Restate each record word for word, omitting whatever pictures it holds.

*** Data records ***

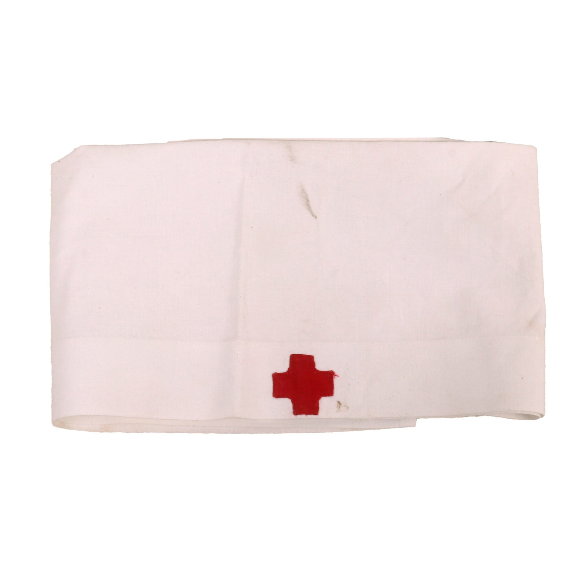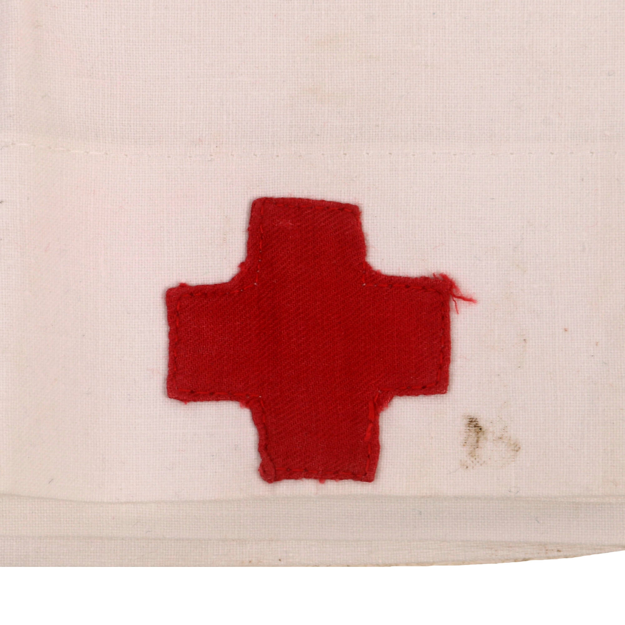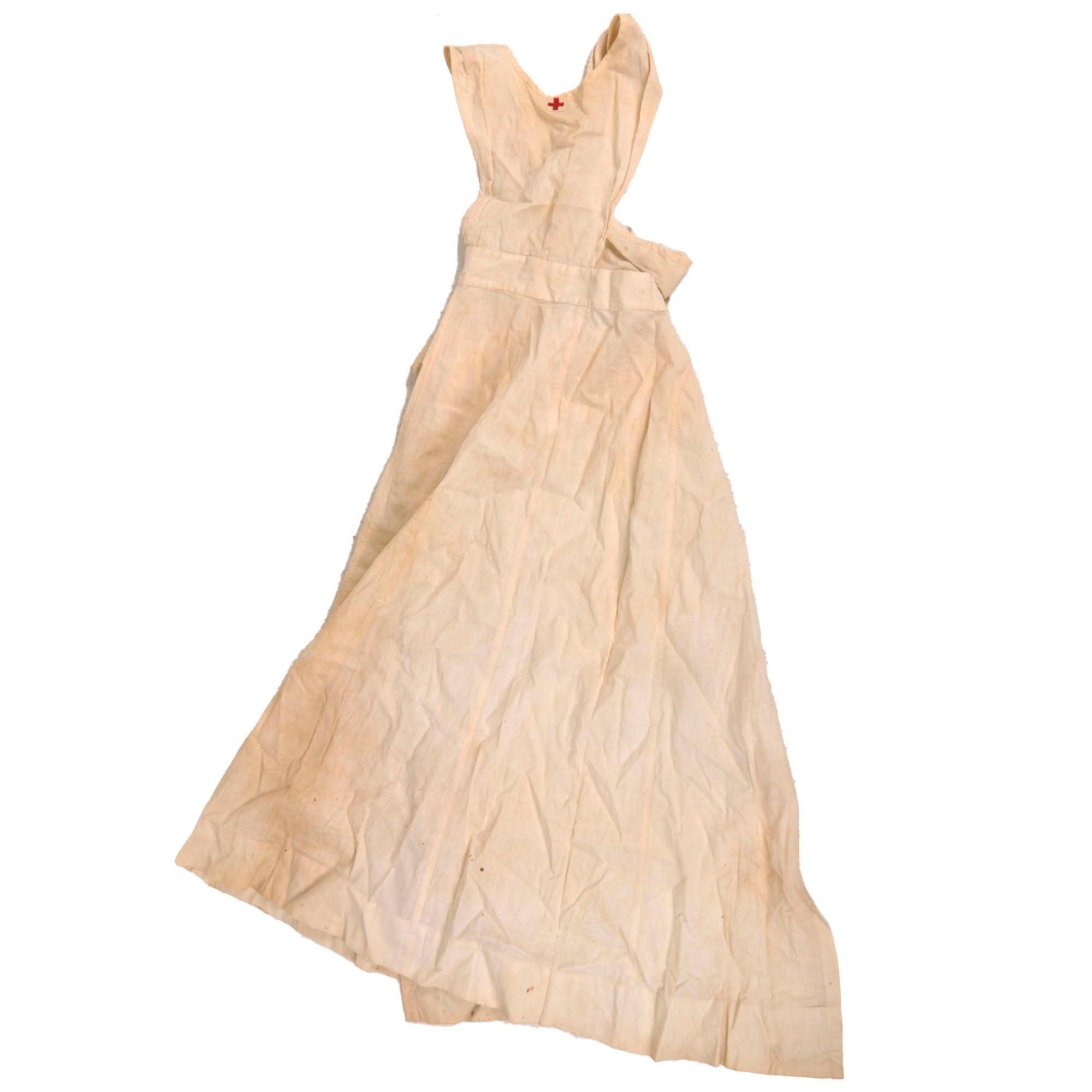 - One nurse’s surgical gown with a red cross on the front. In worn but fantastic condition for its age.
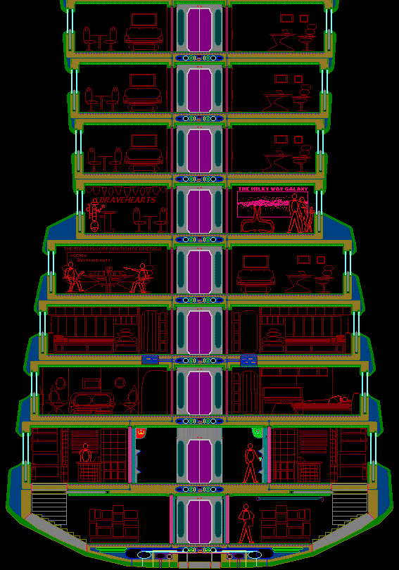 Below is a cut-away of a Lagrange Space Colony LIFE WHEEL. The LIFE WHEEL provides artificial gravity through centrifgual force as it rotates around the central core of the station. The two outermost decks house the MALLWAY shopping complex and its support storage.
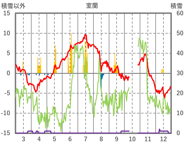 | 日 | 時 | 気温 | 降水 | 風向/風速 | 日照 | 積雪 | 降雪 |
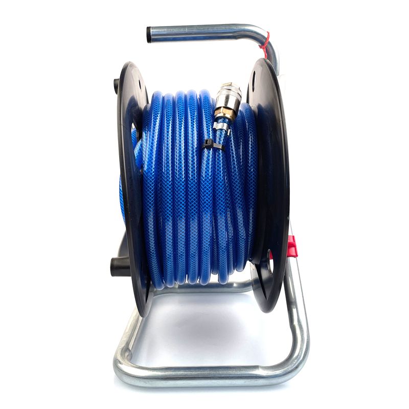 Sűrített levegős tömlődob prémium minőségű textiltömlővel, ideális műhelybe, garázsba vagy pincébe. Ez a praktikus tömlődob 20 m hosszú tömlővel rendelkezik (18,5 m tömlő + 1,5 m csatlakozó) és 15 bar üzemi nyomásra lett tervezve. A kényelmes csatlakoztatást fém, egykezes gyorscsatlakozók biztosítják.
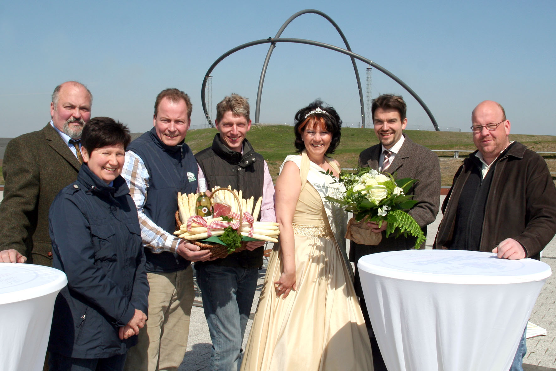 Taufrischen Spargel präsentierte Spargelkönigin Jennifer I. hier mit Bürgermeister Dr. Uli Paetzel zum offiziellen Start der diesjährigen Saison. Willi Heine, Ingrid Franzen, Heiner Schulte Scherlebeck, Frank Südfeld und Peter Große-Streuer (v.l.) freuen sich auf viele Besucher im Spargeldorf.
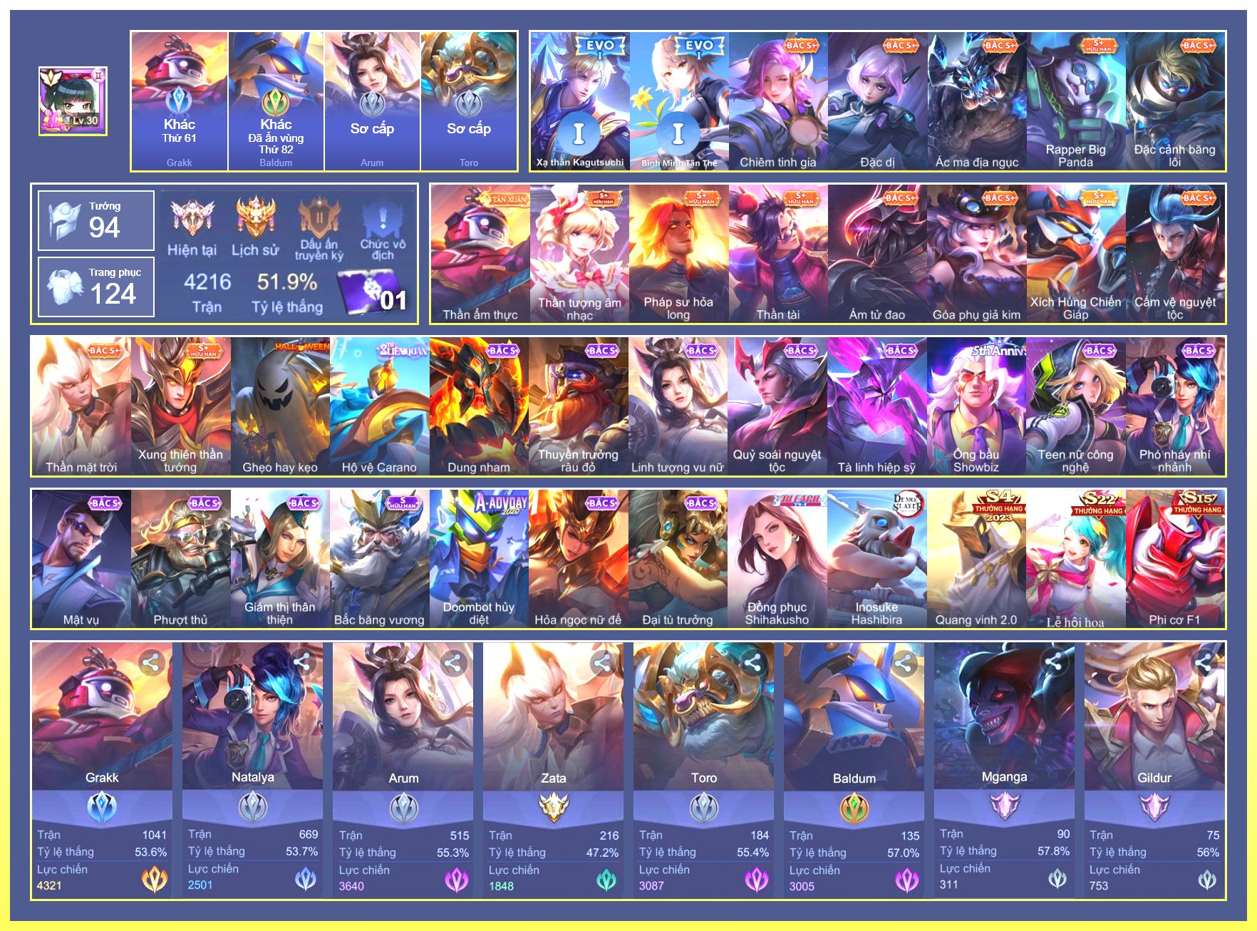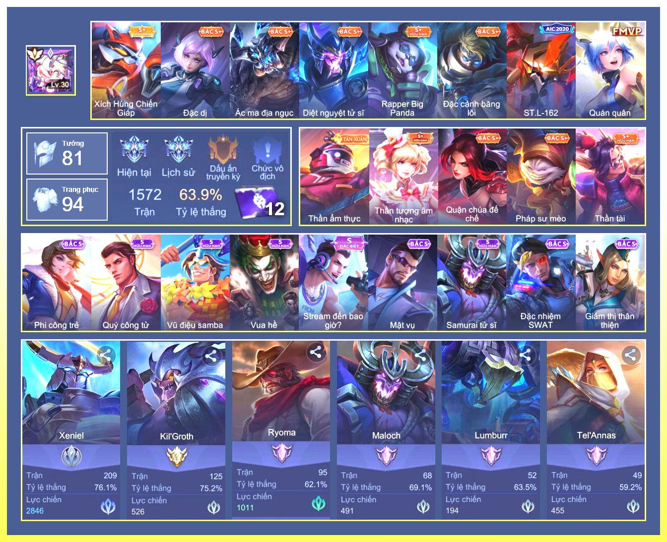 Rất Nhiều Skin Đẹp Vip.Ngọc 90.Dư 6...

*** End of Data records ***

### Output for this exercise:
 - One nurse’s surgical gown with a red cross on the front. In worn but fantastic condition for its age.
 Below is a cut-away of a Lagrange Space Colony LIFE WHEEL. The LIFE WHEEL provides artificial gravity through centrifgual force as it rotates around the central core of the station. The two outermost decks house the MALLWAY shopping complex and its support storage.
 | 日 | 時 | 気温 | 降水 | 風向/風速 | 日照 | 積雪 | 降雪 |
 Sűrített levegős tömlődob prémium minőségű textiltömlővel, ideális műhelybe, garázsba vagy pincébe. Ez a praktikus tömlődob 20 m hosszú tömlővel rendelkezik (18,5 m tömlő + 1,5 m csatlakozó) és 15 bar üzemi nyomásra lett tervezve. A kényelmes csatlakoztatást fém, egykezes gyorscsatlakozók biztosítják.
 Taufrischen Spargel präsentierte Spargelkönigin Jennifer I. hier mit Bürgermeister Dr. Uli Paetzel zum offiziellen Start der diesjährigen Saison. Willi Heine, Ingrid Franzen, Heiner Schulte Scherlebeck, Frank Südfeld und Peter Große-Streuer (v.l.) freuen sich auf viele Besucher im Spargeldorf.
 Rất Nhiều Skin Đẹp Vip.Ngọc 90.Dư 6...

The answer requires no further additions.